§ Requirement: Look through the entries below and copy exactly the part that begins with the line containing "Cerámica José Mariscal" and ends with the line containing "Figura 3. Comunidade do Recreio, rio Paru.". Do not copy the pictures.

§ Record extracts:
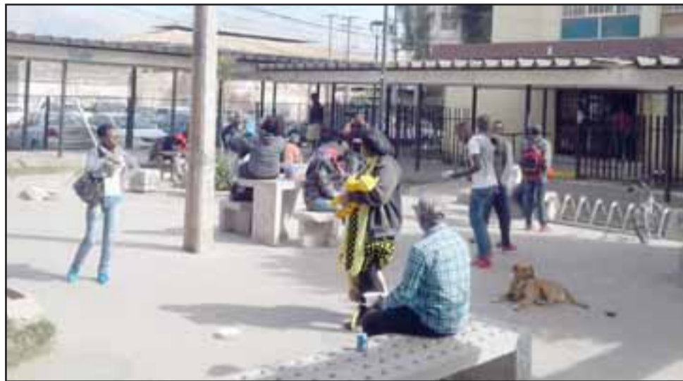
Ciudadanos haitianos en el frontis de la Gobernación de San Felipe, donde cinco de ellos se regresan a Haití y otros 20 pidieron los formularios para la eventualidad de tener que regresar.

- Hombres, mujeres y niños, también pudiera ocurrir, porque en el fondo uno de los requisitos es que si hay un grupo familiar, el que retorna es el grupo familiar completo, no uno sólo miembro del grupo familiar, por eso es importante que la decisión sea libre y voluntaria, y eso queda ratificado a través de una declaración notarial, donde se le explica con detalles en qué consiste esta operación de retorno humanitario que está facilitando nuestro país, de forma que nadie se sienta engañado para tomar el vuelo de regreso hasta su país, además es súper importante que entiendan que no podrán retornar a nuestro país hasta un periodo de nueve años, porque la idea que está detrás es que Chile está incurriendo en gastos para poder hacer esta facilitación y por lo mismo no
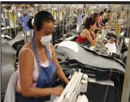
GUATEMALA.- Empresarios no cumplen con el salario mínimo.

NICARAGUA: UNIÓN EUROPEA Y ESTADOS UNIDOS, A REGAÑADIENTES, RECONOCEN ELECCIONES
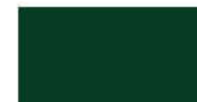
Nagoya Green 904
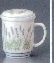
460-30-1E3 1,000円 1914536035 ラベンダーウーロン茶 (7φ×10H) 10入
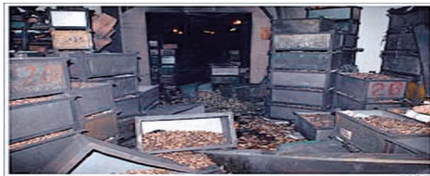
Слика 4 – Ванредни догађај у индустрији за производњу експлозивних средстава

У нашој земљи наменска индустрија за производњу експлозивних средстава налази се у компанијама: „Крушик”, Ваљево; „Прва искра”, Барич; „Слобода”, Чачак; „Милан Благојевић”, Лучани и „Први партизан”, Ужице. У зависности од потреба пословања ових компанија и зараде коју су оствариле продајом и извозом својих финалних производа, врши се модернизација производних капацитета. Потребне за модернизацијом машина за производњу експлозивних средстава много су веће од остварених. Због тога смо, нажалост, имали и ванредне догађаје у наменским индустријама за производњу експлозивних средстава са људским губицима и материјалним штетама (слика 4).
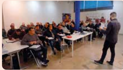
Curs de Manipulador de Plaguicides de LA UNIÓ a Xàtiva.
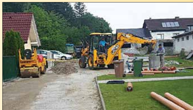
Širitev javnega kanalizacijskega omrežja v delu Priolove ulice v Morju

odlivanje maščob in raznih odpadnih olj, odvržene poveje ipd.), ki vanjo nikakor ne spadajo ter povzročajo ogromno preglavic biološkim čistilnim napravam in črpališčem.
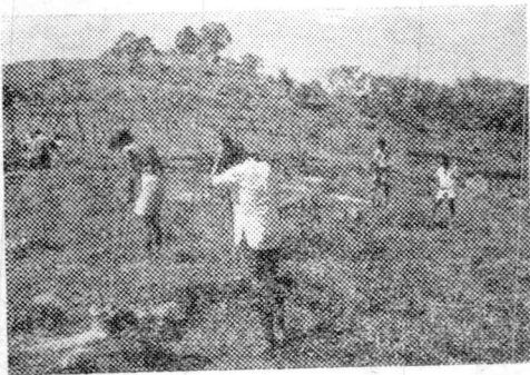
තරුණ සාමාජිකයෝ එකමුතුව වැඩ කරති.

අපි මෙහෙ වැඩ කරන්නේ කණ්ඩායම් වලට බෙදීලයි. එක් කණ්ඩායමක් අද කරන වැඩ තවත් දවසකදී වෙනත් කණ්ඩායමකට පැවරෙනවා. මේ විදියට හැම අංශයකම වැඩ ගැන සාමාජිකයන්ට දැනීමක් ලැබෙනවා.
---
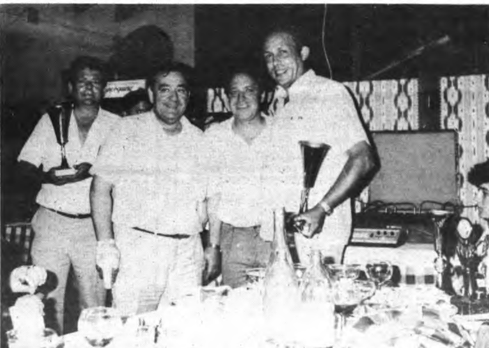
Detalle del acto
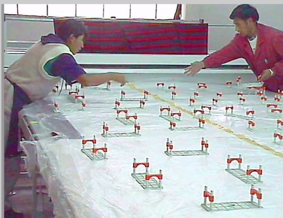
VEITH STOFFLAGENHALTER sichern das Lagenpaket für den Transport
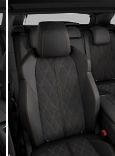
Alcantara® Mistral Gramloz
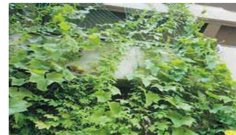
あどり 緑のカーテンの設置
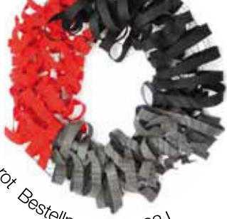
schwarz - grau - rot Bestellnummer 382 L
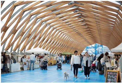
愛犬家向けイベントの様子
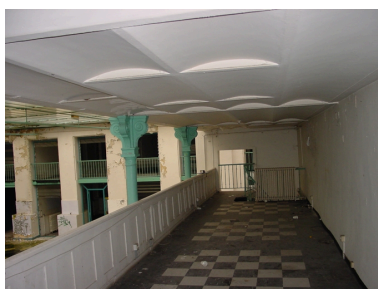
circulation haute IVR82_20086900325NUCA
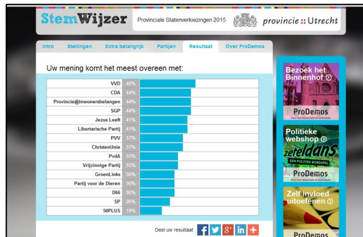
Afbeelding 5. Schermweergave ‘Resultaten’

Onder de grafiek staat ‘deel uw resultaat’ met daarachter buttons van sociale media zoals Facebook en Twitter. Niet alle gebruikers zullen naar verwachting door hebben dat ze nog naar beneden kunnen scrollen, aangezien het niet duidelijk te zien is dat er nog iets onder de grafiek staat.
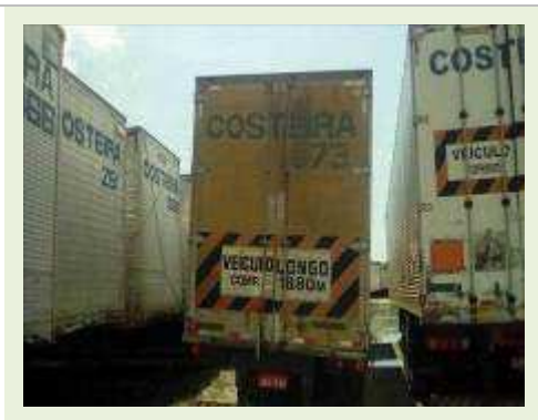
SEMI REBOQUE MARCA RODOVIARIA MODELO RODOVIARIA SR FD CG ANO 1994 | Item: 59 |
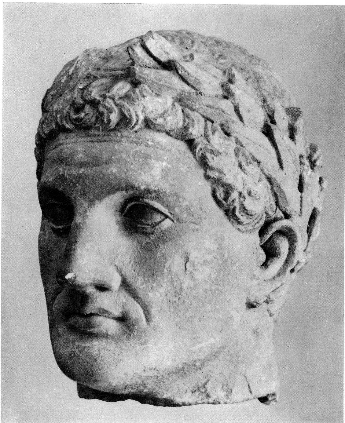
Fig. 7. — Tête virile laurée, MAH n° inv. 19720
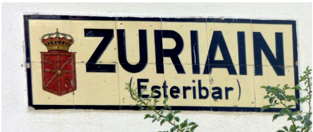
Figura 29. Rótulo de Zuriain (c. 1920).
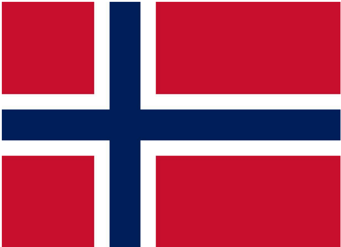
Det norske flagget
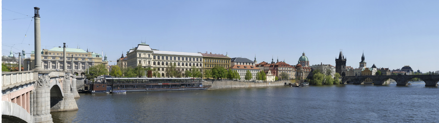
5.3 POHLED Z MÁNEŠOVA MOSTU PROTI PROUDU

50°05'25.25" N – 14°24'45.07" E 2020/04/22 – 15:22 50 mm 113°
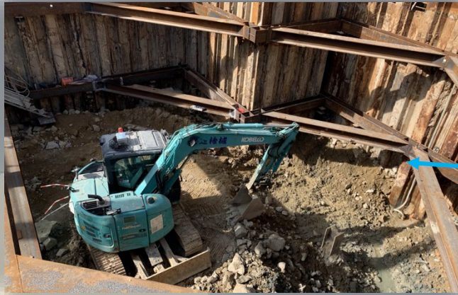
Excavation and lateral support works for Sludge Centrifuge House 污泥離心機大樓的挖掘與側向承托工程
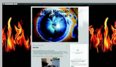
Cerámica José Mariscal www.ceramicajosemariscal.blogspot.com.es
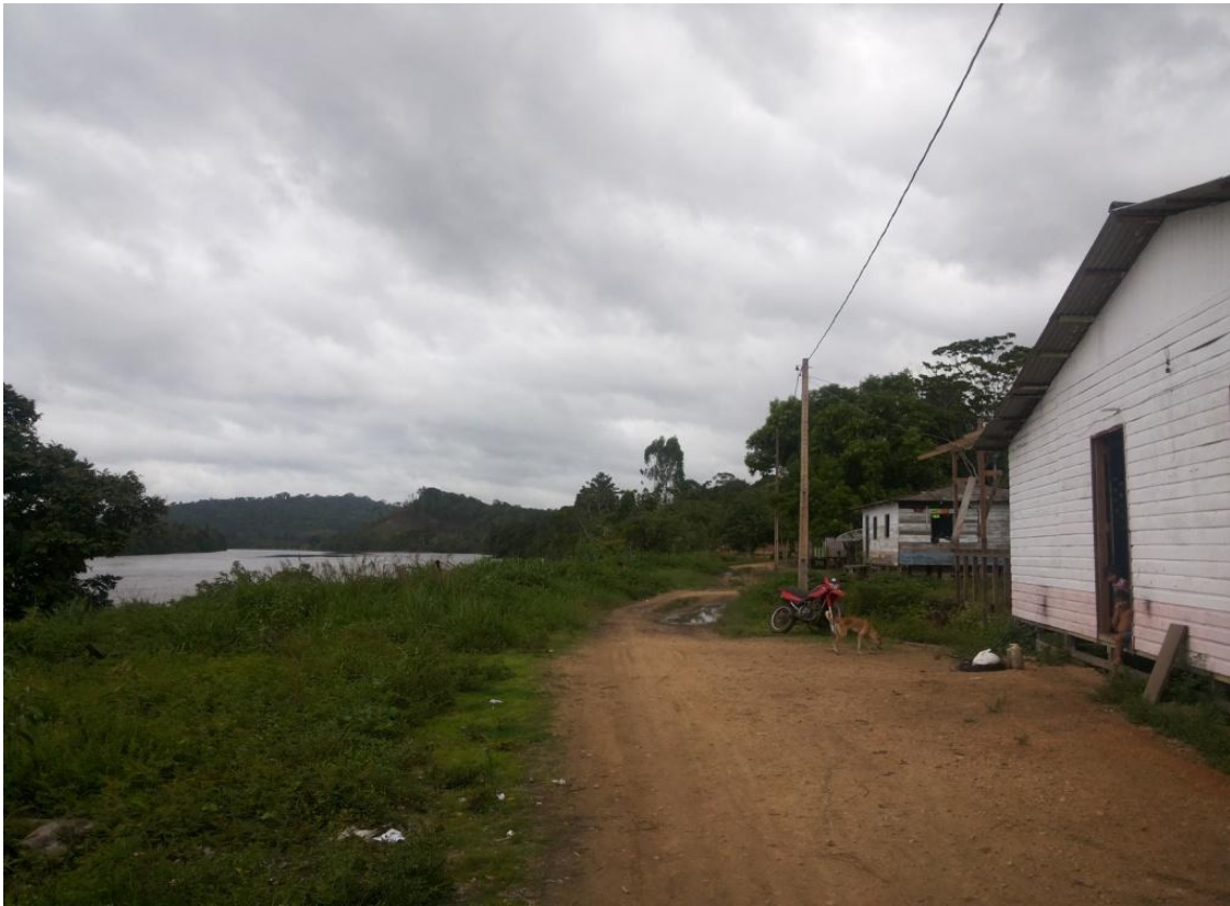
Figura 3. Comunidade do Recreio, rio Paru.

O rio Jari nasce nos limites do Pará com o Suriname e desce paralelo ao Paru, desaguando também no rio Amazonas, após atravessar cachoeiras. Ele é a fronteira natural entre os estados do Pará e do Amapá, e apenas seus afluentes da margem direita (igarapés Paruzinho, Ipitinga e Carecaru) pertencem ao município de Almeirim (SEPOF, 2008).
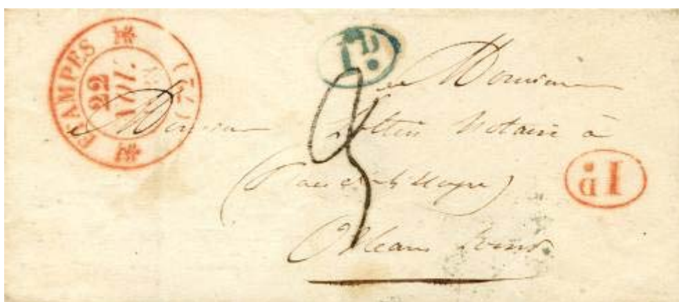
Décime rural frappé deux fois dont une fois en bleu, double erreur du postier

§ Result of this exercise:
Cerámica José Mariscal www.ceramicajosemariscal.blogspot.com.es
Figura 3. Comunidade do Recreio, rio Paru.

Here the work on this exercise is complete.